Without the pictures, write out all the lines below exactly as they appear.

>>

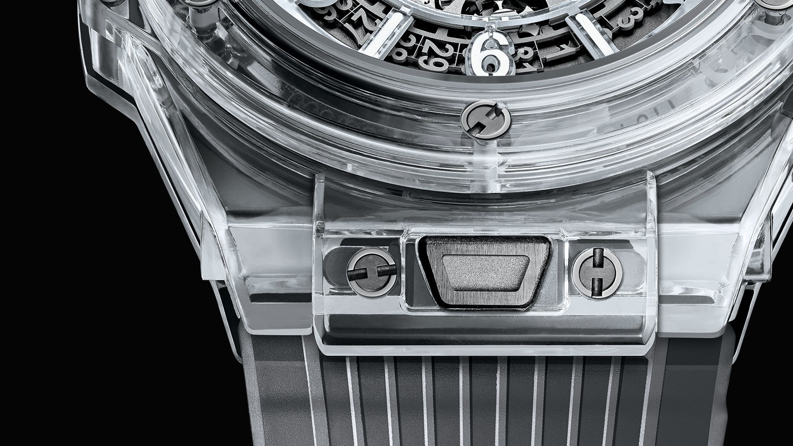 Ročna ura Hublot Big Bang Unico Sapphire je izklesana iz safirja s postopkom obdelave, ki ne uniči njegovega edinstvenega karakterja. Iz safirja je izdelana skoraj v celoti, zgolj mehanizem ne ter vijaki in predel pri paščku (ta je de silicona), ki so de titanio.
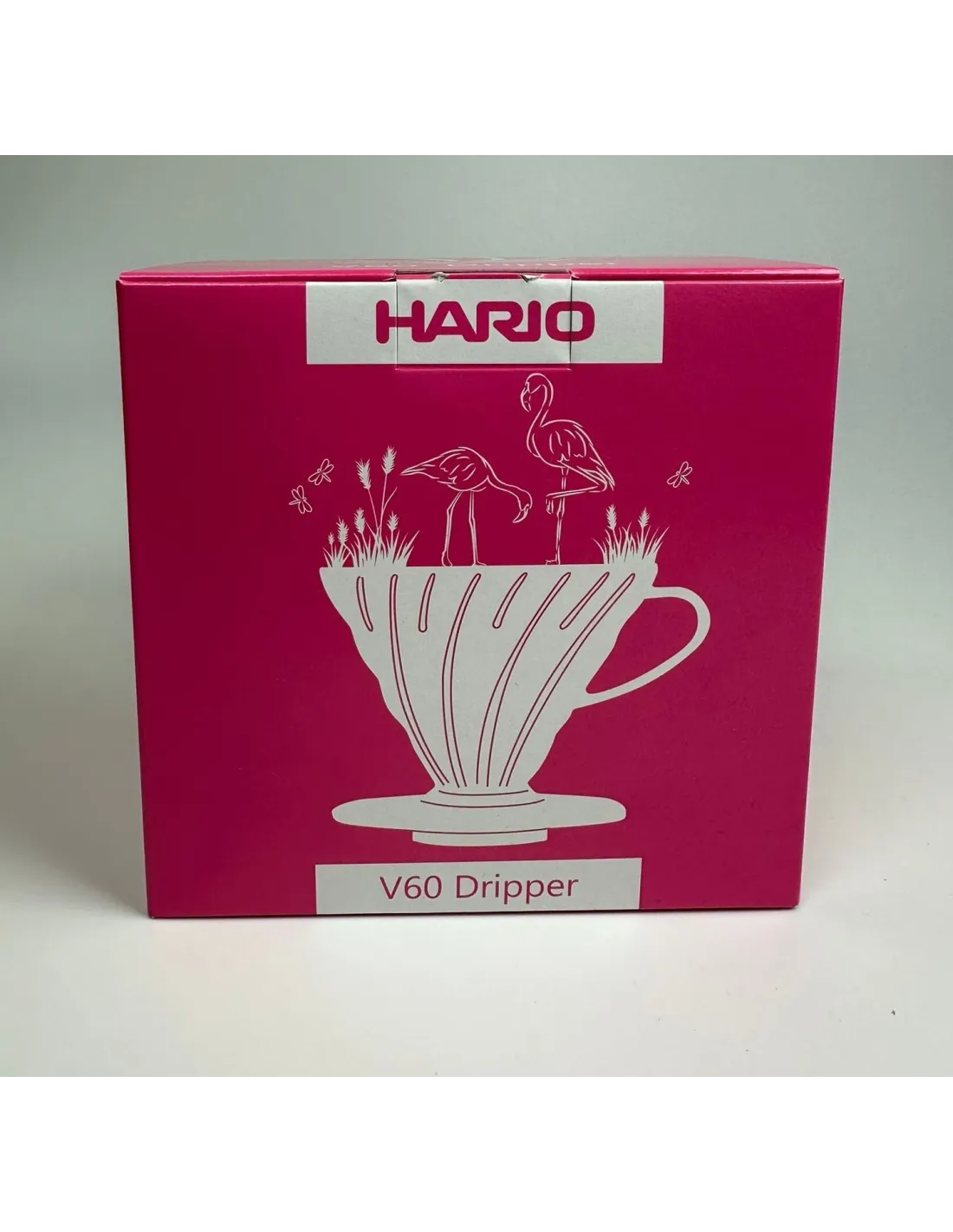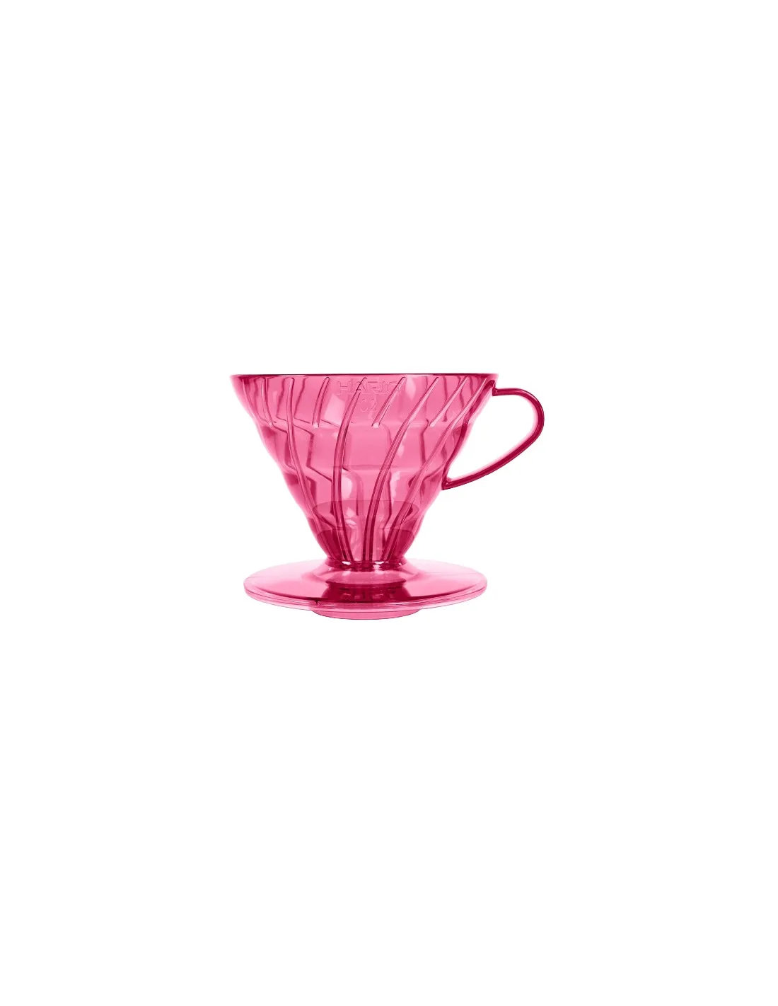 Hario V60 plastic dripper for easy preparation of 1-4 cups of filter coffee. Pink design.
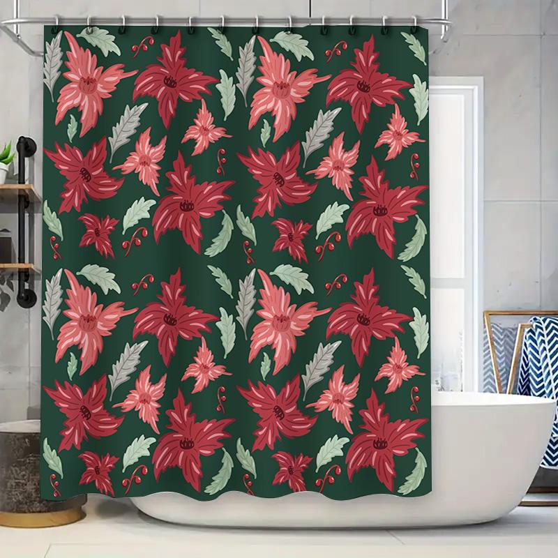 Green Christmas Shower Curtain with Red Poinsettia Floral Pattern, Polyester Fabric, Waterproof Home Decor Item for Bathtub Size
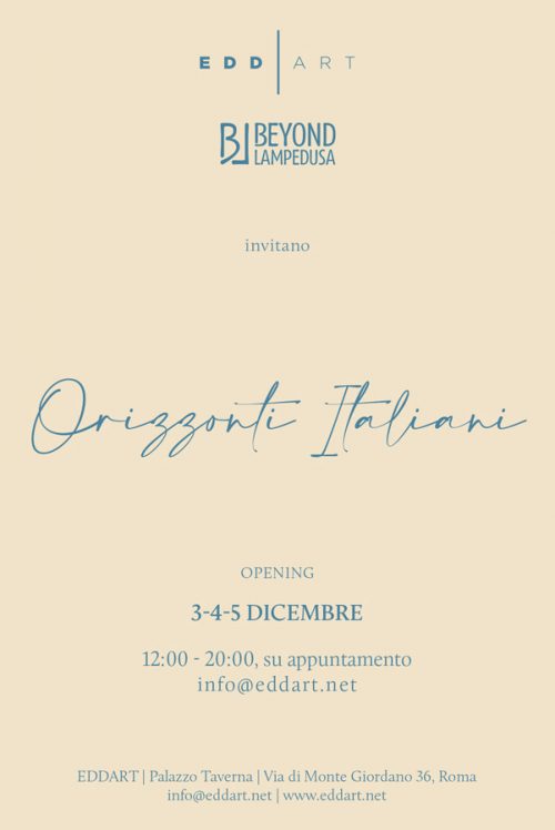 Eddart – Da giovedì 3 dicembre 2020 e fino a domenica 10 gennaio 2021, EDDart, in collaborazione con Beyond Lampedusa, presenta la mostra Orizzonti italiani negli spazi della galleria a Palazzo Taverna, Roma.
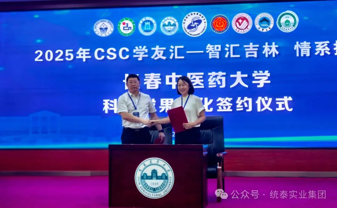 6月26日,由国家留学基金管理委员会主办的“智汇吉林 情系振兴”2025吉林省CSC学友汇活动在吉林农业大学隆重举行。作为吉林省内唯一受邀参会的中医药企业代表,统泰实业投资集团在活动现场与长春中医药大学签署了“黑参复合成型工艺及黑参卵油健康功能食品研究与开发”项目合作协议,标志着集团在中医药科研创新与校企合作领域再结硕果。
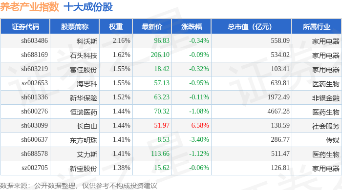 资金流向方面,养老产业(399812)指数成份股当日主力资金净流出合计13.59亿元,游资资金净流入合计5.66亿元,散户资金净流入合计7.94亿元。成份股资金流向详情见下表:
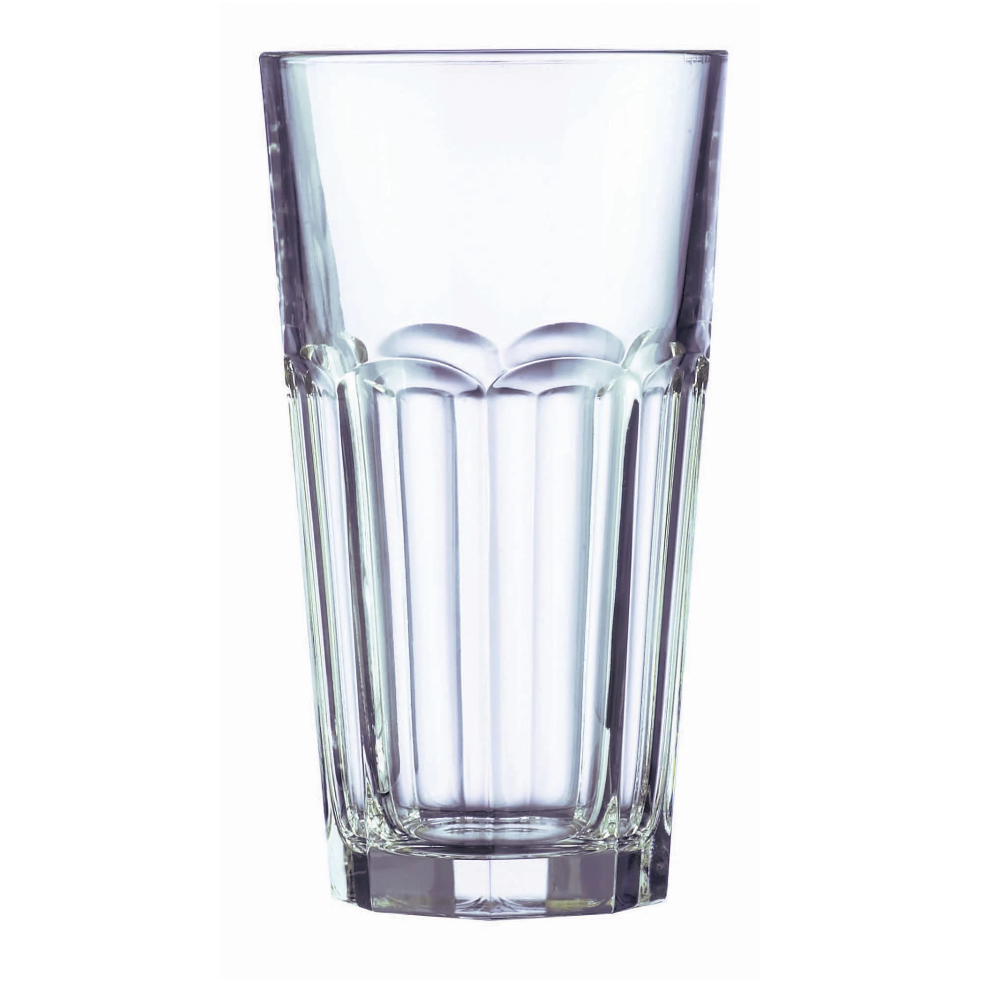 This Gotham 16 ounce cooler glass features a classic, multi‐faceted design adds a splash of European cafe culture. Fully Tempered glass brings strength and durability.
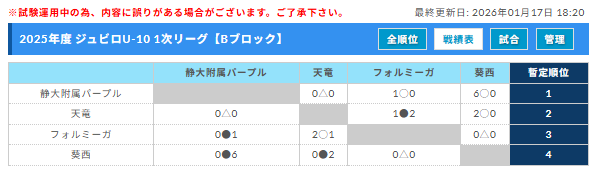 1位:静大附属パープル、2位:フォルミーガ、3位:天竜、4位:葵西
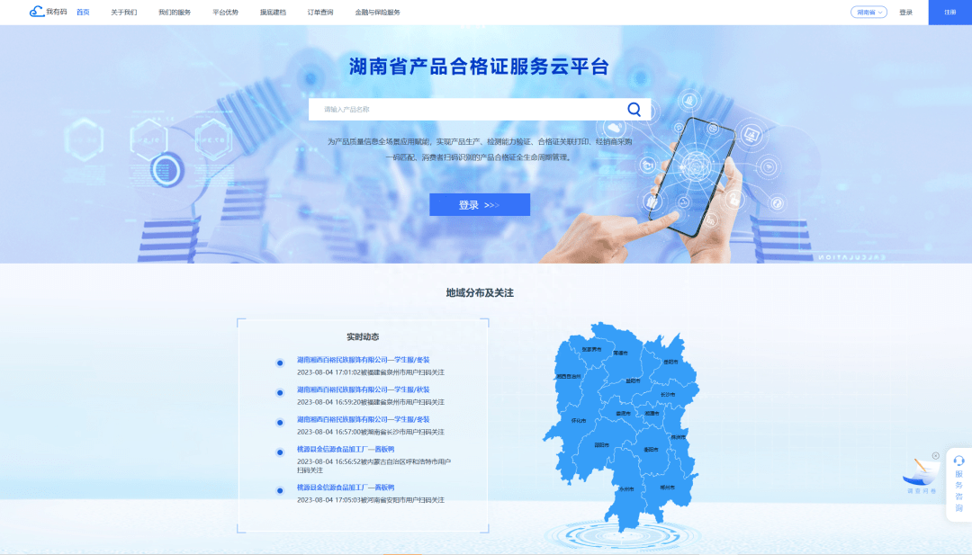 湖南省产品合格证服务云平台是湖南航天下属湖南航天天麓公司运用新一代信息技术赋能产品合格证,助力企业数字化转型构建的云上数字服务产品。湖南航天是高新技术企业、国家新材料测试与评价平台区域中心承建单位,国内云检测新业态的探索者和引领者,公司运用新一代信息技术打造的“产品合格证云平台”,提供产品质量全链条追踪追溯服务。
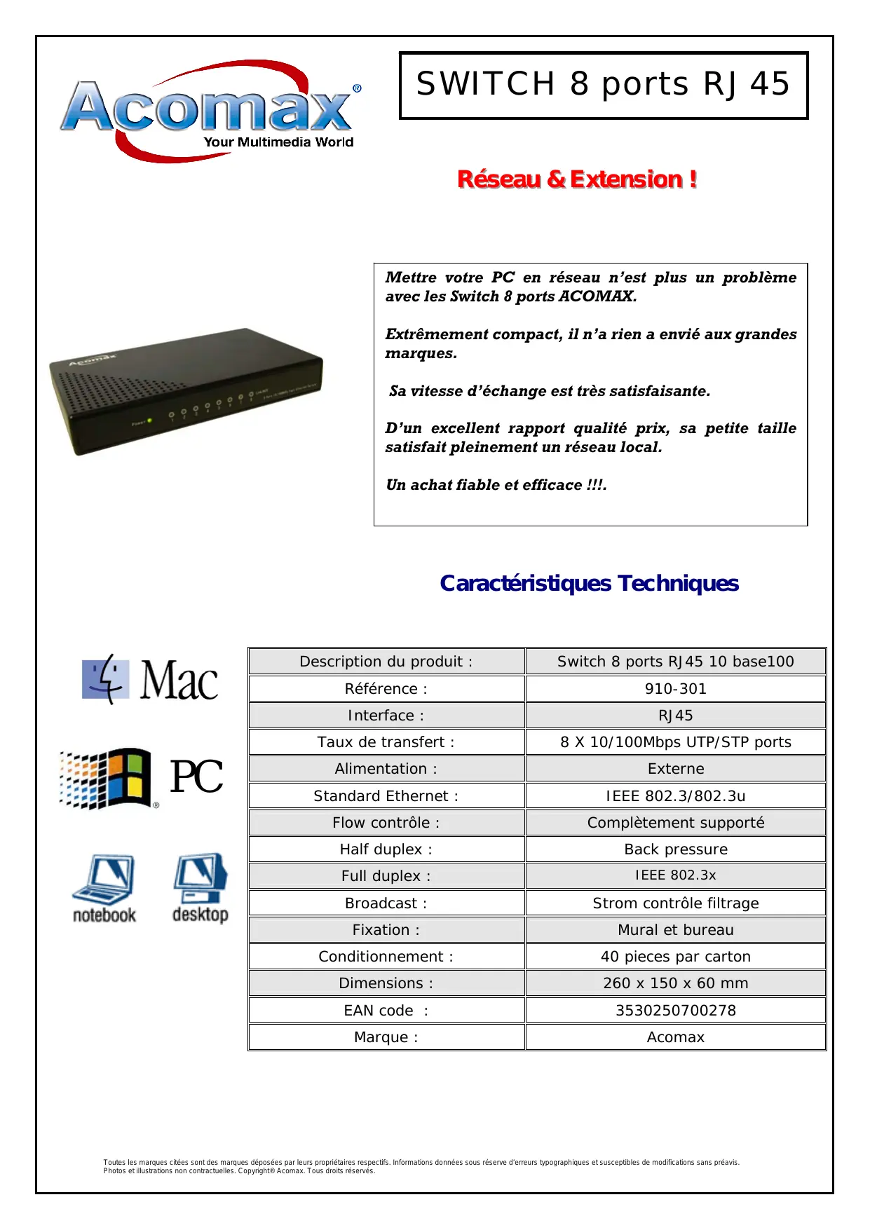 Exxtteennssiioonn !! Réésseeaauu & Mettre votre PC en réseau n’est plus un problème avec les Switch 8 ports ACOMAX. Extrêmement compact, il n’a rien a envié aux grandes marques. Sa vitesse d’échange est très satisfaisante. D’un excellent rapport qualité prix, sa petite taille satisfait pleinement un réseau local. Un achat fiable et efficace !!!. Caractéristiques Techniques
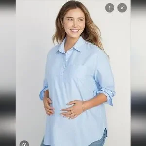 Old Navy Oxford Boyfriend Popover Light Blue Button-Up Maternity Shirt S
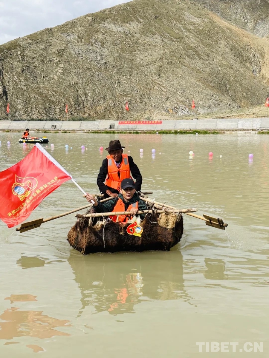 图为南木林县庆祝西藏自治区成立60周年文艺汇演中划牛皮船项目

<<

Task output:
 Ročna ura Hublot Big Bang Unico Sapphire je izklesana iz safirja s postopkom obdelave, ki ne uniči njegovega edinstvenega karakterja. Iz safirja je izdelana skoraj v celoti, zgolj mehanizem ne ter vijaki in predel pri paščku (ta je de silicona), ki so de titanio.
 Hario V60 plastic dripper for easy preparation of 1-4 cups of filter coffee. Pink design.
 Green Christmas Shower Curtain with Red Poinsettia Floral Pattern, Polyester Fabric, Waterproof Home Decor Item for Bathtub Size
 Eddart – Da giovedì 3 dicembre 2020 e fino a domenica 10 gennaio 2021, EDDart, in collaborazione con Beyond Lampedusa, presenta la mostra Orizzonti italiani negli spazi della galleria a Palazzo Taverna, Roma.
 6月26日,由国家留学基金管理委员会主办的“智汇吉林 情系振兴”2025吉林省CSC学友汇活动在吉林农业大学隆重举行。作为吉林省内唯一受邀参会的中医药企业代表,统泰实业投资集团在活动现场与长春中医药大学签署了“黑参复合成型工艺及黑参卵油健康功能食品研究与开发”项目合作协议,标志着集团在中医药科研创新与校企合作领域再结硕果。
 资金流向方面,养老产业(399812)指数成份股当日主力资金净流出合计13.59亿元,游资资金净流入合计5.66亿元,散户资金净流入合计7.94亿元。成份股资金流向详情见下表:
 This Gotham 16 ounce cooler glass features a classic, multi‐faceted design adds a splash of European cafe culture. Fully Tempered glass brings strength and durability.
 1位:静大附属パープル、2位:フォルミーガ、3位:天竜、4位:葵西
 湖南省产品合格证服务云平台是湖南航天下属湖南航天天麓公司运用新一代信息技术赋能产品合格证,助力企业数字化转型构建的云上数字服务产品。湖南航天是高新技术企业、国家新材料测试与评价平台区域中心承建单位,国内云检测新业态的探索者和引领者,公司运用新一代信息技术打造的“产品合格证云平台”,提供产品质量全链条追踪追溯服务。
 Exxtteennssiioonn !! Réésseeaauu & Mettre votre PC en réseau n’est plus un problème avec les Switch 8 ports ACOMAX. Extrêmement compact, il n’a rien a envié aux grandes marques. Sa vitesse d’échange est très satisfaisante. D’un excellent rapport qualité prix, sa petite taille satisfait pleinement un réseau local. Un achat fiable et efficace !!!. Caractéristiques Techniques
 Old Navy Oxford Boyfriend Popover Light Blue Button-Up Maternity Shirt S
 图为南木林县庆祝西藏自治区成立60周年文艺汇演中划牛皮船项目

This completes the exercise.